Things From Which He Failed to Protect Us

This story got lost in the stimulus-bill shuffle Wednesday, but it deserves a lot more attention than it got:

The FBI was aware for years of "pervasive and growing" fraud in the mortgage industry that eventually contributed to America's financial meltdown, but did not take definitive action to stop it.
More...
"It is clear that we had good intelligence on the mortgage-fraud schemes, the corrupt attorneys, the corrupt appraisers, the insider schemes," said a recently retired, high FBI official. Another retired top FBI official confirmed that such intelligence went back to 2002.

The problem, according to the two FBI retirees and several other current and former bureau colleagues, is that the bureau was stretched so thin that no one noticed when those lenders began packaging bad mortgages into bad securities....

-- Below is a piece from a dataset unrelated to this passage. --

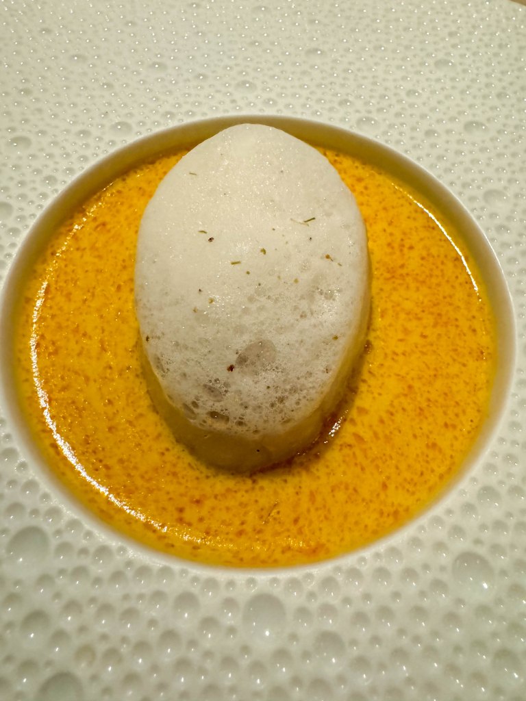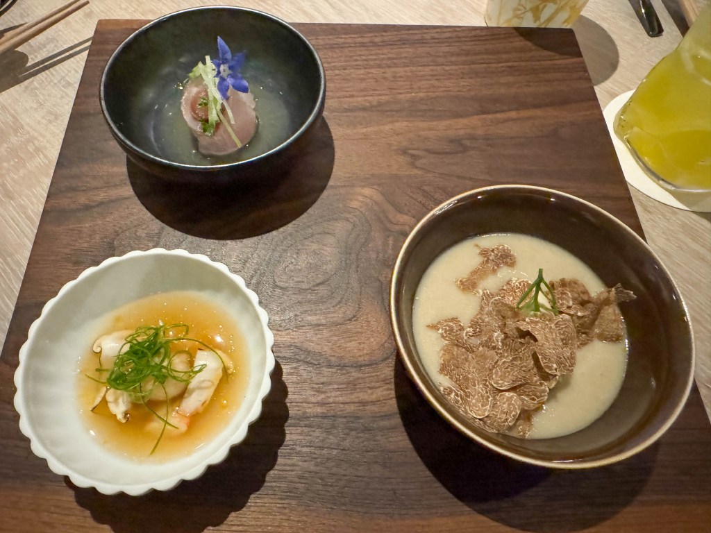 The first course consisted of three small bowls. The first bowl was a rosemary-scented sunchoke soup with abla white truffles. The sunchoke soup had a nice earthy flavor which was exemplified by the addition of rosemary. The white truffles added a rich and delicate flavor, as well as an additional hit of earthiness. The second bowl was Hokkaido snow crab and sweet shrimp dumplings with a mushroom broth. The snow crab had a super delicate and ocean-like flavor, while the shrimp dumplings had a more dominant sweet flavor, which I liked. The sweet flavor balanced out the salty ocean flavor of the crab and made for a great combination. The mushroom broth gave both the crab and shrimp an umami flavor, which was super delicious. The final bowl was cured itoyori fish with green apple and radish. The itoyori fish was super fresh and not too salty, which allowed its subtle flavors to shine. The green apple and radish were also super fresh and contrasted the meatiness of the fish very well. This course was served with a mocktail pairing which was a cucumber, orange, and yuzu drink. The citrusy flavors were tangy and fresh, which paired amazingly with all three of the bowls. You could tell that there was lots of thought put into the pairing in order to help elevate the flavors of the bowls. Overall this was an amazing first course with so many different flavors and ingredients that worked perfectly together.

The FBI not only lacked the resources, but also never got the tips it needed from the banking regulatory agencies. The Securities and Exchange Commission, the Office of Thrift Supervision and the Office of the Comptroller of the Currency also failed to detect the securities issue, said the first retired FBI official....

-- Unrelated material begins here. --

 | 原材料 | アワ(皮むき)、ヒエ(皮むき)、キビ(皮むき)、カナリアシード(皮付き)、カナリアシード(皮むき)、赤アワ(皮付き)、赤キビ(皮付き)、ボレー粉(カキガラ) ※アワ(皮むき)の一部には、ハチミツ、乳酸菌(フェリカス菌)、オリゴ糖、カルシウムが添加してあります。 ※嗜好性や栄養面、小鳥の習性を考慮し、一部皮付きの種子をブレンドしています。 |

Both retired FBI officials asserted that the Bush administration was thoroughly briefed on the mortgage fraud crisis and its potential to cascade out of control with devastating financial consequences, but made the decision not to give back to the FBI the agents it needed to address the problem. After the terrorist attacks of 2001, about 2,400 agents were reassigned to counterterrorism duties.
How much did this cost us? A couple hundred billion? A trillion? More?

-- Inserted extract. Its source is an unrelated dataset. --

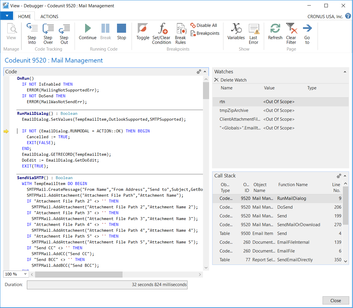 The SetValues function looked fine and the variables looked fine as well, so let's continue stepping through the code to try and figure out why it doesn't display properly. The OnOpenPage() function is the first step to show when stepping into the (EmailDialog.RUNMODAL...).

Note, also, the confluence of shiny-object distraction (marshalling the vast law-enforcement resources of the Federal government to make sure nobody attacks the Brooklyn Bridge with a jackhammer) with anti-regulatory ideology (well, of course the regulators weren't doing their jobs--that was their job) that makes this such a quintessential Bush story. It's great that we finally have a President who can walk and chew gum, and who thinks regulation means regulation...but we needed a President like that 8 years ago.